Le responsable des services de communication des forces anti-émeutes, Hussein Saïd Mursi, a déclaré à la barre qu'il avait entendu des gradés de la police mentionner l'usage d'armes automatiques contre les manifestants le 28 janvier, l'une des journées les plus violentes de la révolte. Selon lui, le chef des forces anti-émeutes, le général Ahmed Ramzi "a donné des instructions claires qu'il fallait protéger le ministère de l'Intérieur et faire face aux manifestants avec les armes", a-t-il dit, en mentionnant "les balles en caoutchouc et les armes automatiques".
Mais il n'a pas poussé plus loin les accusations, ni évoqué d'ordres venant de plus haut.

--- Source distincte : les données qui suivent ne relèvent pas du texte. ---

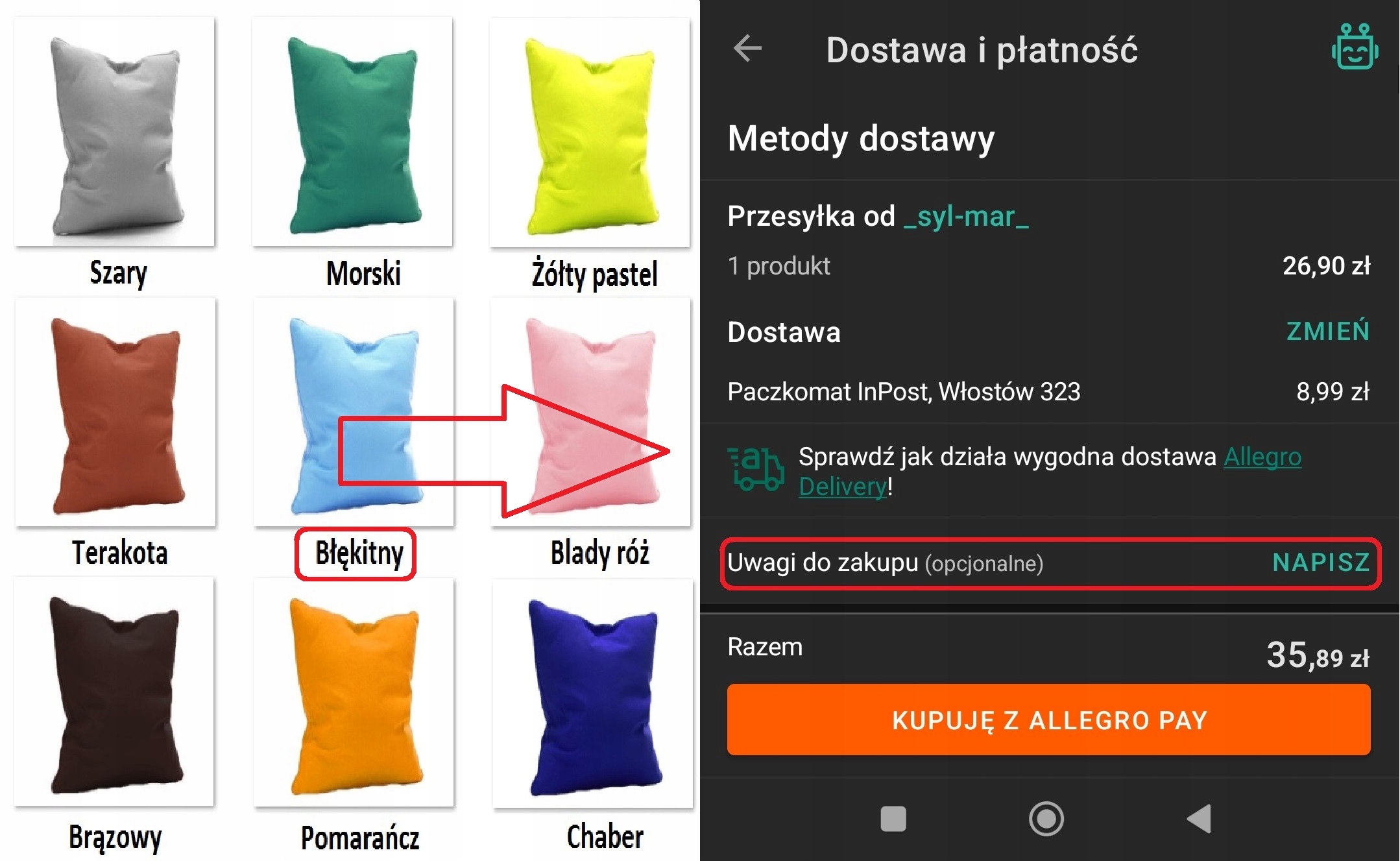 Цвет необходимо указать при покупке в форме «Доставка и оплата» в поле комментария к покупке.

Un autre officier de police, Emad Badr, a assuré, quant à lui, que "les instructions que nous avions étaient de faire preuve de retenue".

La répression de la révolte a fait officiellement près de 850 morts au total. La grande majorité des violences est imputée à la police et aux hommes de main du parti présidentiel.

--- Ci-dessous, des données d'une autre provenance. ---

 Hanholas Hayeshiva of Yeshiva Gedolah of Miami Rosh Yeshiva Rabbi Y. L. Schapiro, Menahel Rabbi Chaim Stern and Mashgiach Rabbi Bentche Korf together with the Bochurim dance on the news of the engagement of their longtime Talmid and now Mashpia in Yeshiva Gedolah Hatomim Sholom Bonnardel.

La déception régnait parmi les représentants des familles des personnes tuées lors du mouvement qui a abouti au départ de M. Moubarak le 11 février. "Je suis surpris que le parquet ait présenté des témoins à charge qui étaient plus des témoins à décharge", a déclaré Me Gamal Eid, un de leurs avocats et militant en vue des droits de l'homme. Contrairement aux précédentes, cette nouvelle audience n'a pas été retransmise en direct à la télévision.

Des accrochages entre plusieurs dizaines de partisans et adversaires de l'ancien président se sont déroulés près du lieu du procès, peu avant l'arrivée de l'ancien chef d'Etat dans la matinée. Les pro-Moubarak scandaient "Nous ne t'abandonnerons pas", tandis que ses adversaires lançaient "Châtiment, châtiment, on a tué nos enfants avec des balles".

Des heurts ont également eu lieu entre la police et des membres de familles de victimes qui ont tenté de forcer l'entrée de l'école de police où siège le tribunal pénal chargé de juger M. Moubarak. Une douzaine de personnes ont été légèrement blessées dans ces incidents, et la police a procédé à une vingtaine d'interpellations, selon l'agence officielle Mena. Dans la salle l'ambiance a été aussi parfois houleuse.

L'ancien président, également accusé d'enrichissement illégal, est jugé en même temps que ses deux fils Alaa et Gamal, ainsi que l'ancien ministre de l'Intérieur Habib el-Adli.

Ce procès est suivi avec avidité par les Egyptiens, après des décennies marquées par l'impunité pour les dirigeants du pays.

M. Moubarak est le premier dirigeant renversé par les révoltes qui secouent le monde arabe depuis décembre à comparaître en personne devant la justice. Renversé le 11 février dernier, l'ancien président égyptien est jugé pour corruption, détournement de fonds publics et meurtre avec préméditation dans le cadre de la répression du mouvement de contestation qui a provoqué sa démission et a fait, selon un bilan officiel, 840 morts.

Stupéfaction des Egyptiens
Les Egyptiens ont été stupéfiés par les images de l'ancien "raïs" tout-puissant, âgé de 83 ans, traîné sur une civière dans la cage du tribunal installé dans l'Ecole de police du Caire lors des deux premières audiences, les 3 et 15 août.

Sur ordre du juge Ahmed Refaat, les retransmissions télévisées sont suspendues jusqu'à l'énoncé du verdict. L'une des raisons données par le président du tribunal est la protection des témoins.